_What is required:_ Further down are entries; set down exactly and only the lines from the one with "Отвариваем до готовности" up to and including the one with "8月は、今後の人生の切り替わ", dropping each picture.

_Extracted records:_
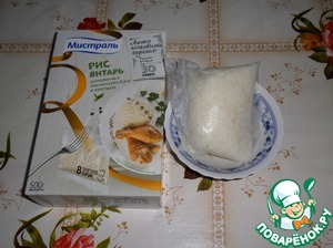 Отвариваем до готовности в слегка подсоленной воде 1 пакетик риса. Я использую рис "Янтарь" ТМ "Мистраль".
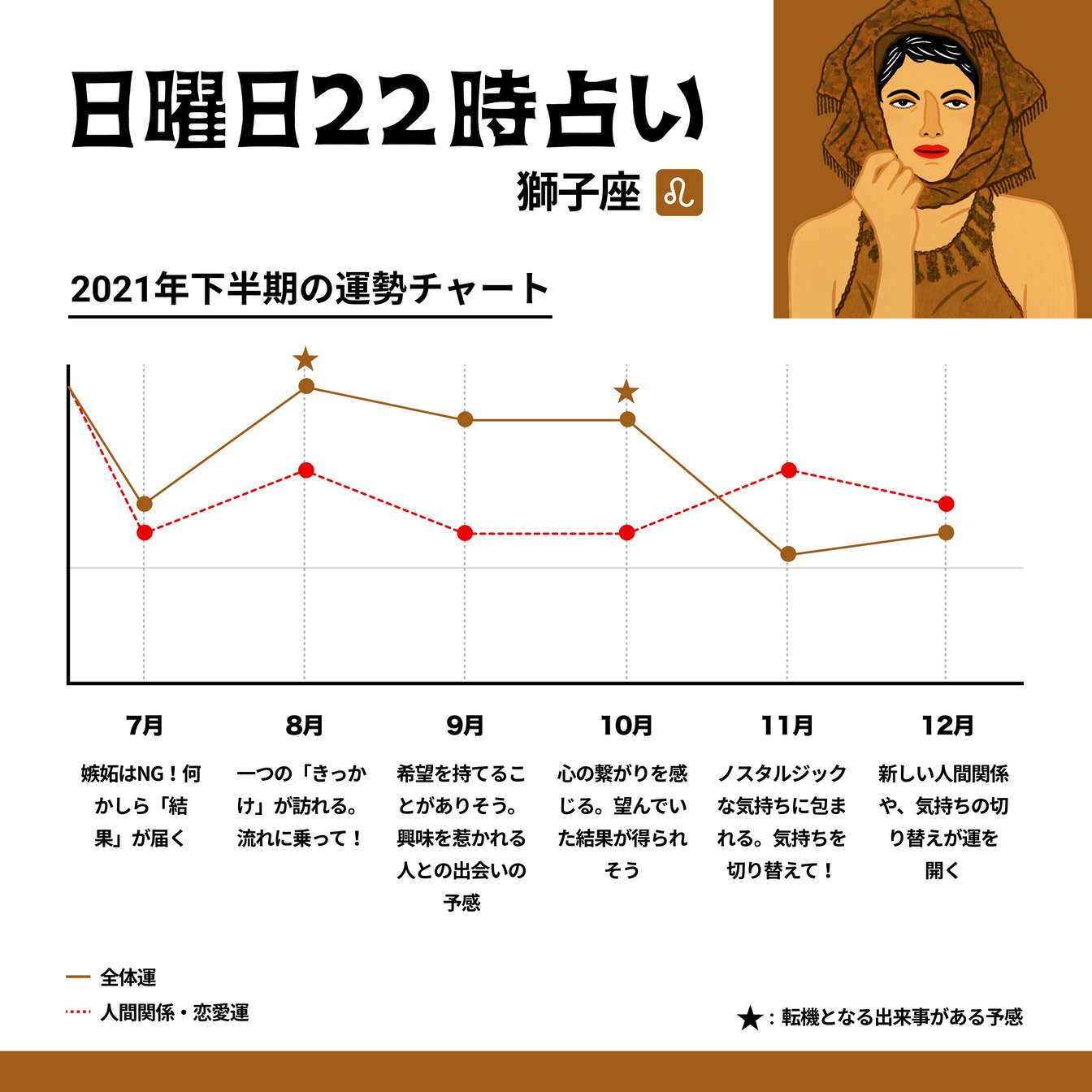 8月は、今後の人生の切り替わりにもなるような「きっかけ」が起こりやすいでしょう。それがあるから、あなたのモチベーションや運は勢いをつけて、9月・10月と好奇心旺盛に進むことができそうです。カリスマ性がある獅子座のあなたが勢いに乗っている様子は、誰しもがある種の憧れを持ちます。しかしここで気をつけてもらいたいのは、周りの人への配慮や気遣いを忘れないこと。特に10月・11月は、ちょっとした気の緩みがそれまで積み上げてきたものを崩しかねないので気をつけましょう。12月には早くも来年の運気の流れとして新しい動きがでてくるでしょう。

* * *

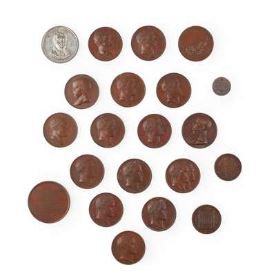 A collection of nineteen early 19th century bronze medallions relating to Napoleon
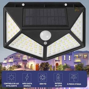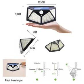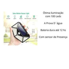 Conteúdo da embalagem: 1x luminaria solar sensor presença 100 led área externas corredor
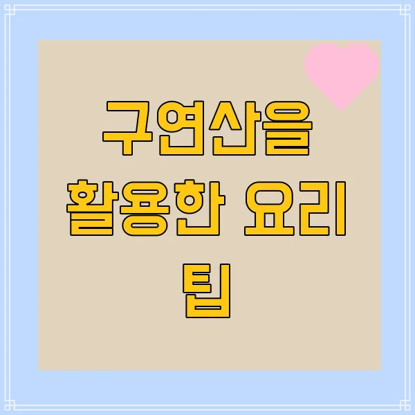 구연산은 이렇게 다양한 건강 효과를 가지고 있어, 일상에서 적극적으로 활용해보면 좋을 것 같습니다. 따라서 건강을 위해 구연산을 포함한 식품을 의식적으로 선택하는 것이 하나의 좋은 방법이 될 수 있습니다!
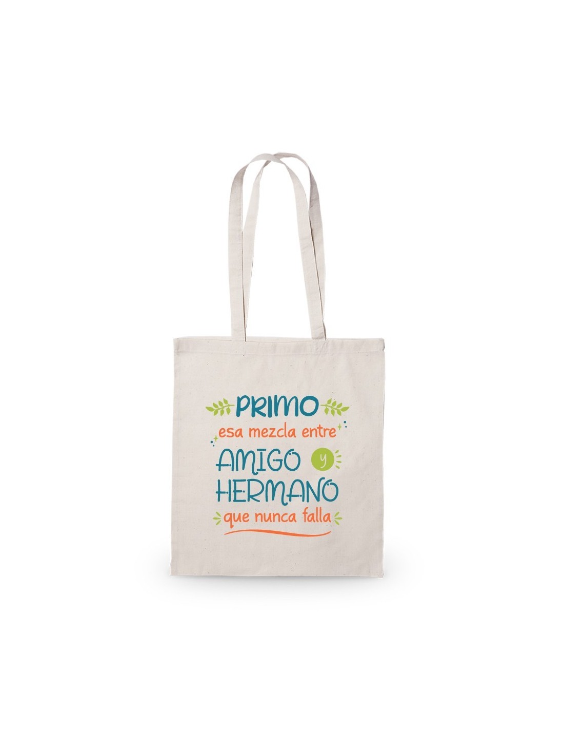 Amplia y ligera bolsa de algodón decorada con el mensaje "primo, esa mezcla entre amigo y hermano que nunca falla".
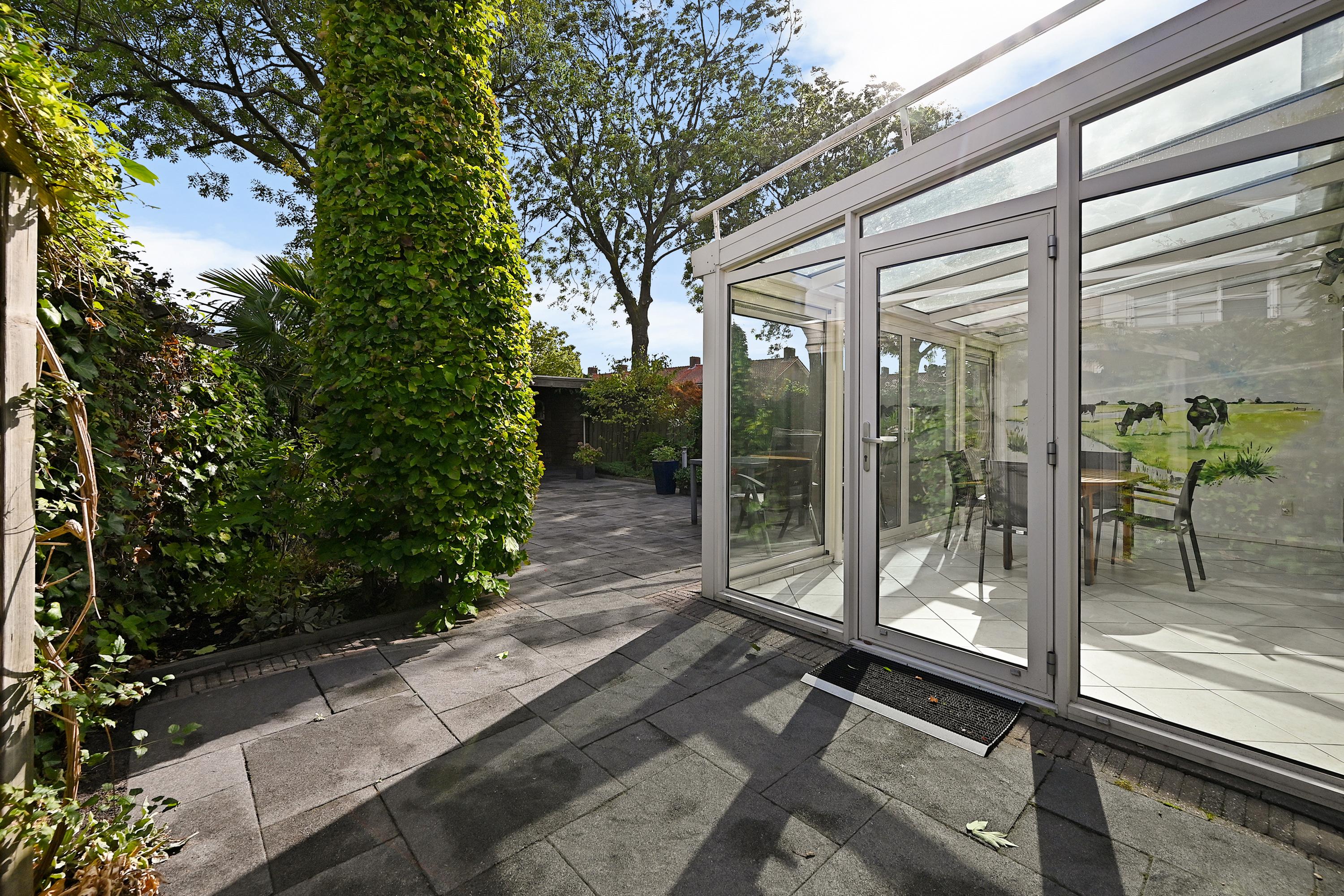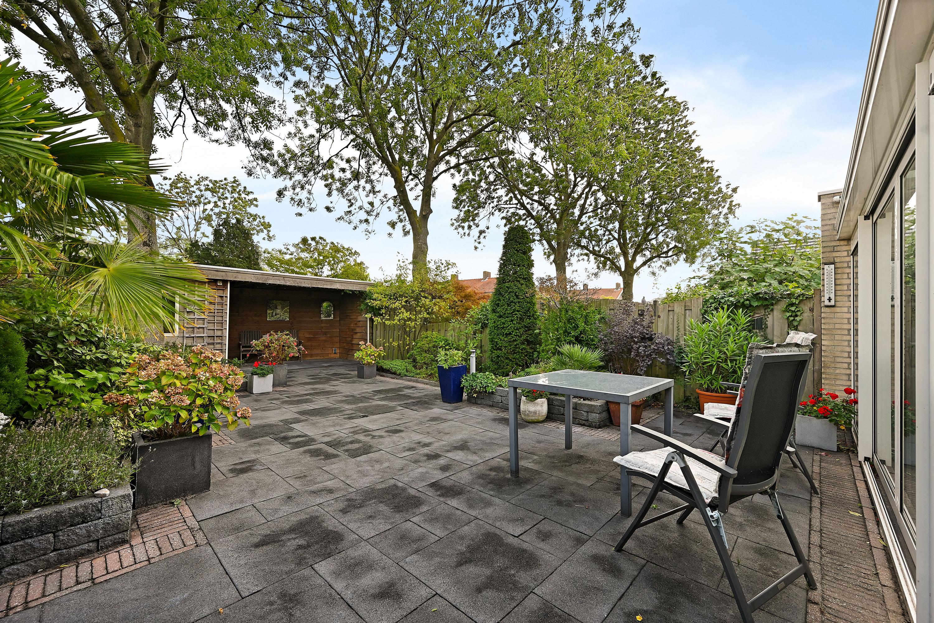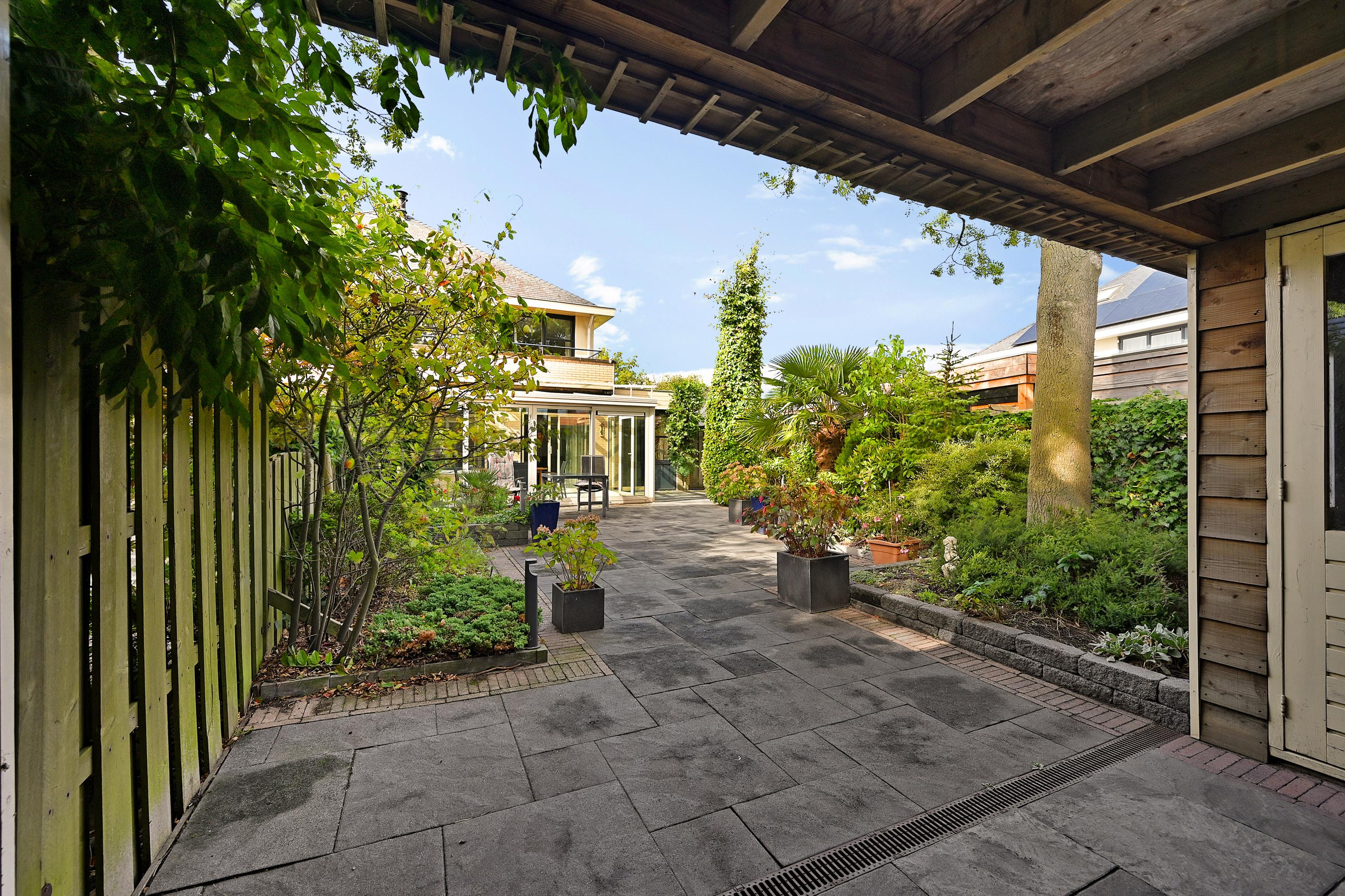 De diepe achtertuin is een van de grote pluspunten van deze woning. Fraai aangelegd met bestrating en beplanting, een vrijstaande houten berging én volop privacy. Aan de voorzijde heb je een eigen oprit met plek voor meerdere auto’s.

* * *

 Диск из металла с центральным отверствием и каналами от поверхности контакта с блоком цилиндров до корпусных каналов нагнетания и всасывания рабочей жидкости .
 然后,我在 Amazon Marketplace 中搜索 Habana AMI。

_Response to the exercise:_
 Отвариваем до готовности в слегка подсоленной воде 1 пакетик риса. Я использую рис "Янтарь" ТМ "Мистраль".
 8月は、今後の人生の切り替わりにもなるような「きっかけ」が起こりやすいでしょう。それがあるから、あなたのモチベーションや運は勢いをつけて、9月・10月と好奇心旺盛に進むことができそうです。カリスマ性がある獅子座のあなたが勢いに乗っている様子は、誰しもがある種の憧れを持ちます。しかしここで気をつけてもらいたいのは、周りの人への配慮や気遣いを忘れないこと。特に10月・11月は、ちょっとした気の緩みがそれまで積み上げてきたものを崩しかねないので気をつけましょう。12月には早くも来年の運気の流れとして新しい動きがでてくるでしょう。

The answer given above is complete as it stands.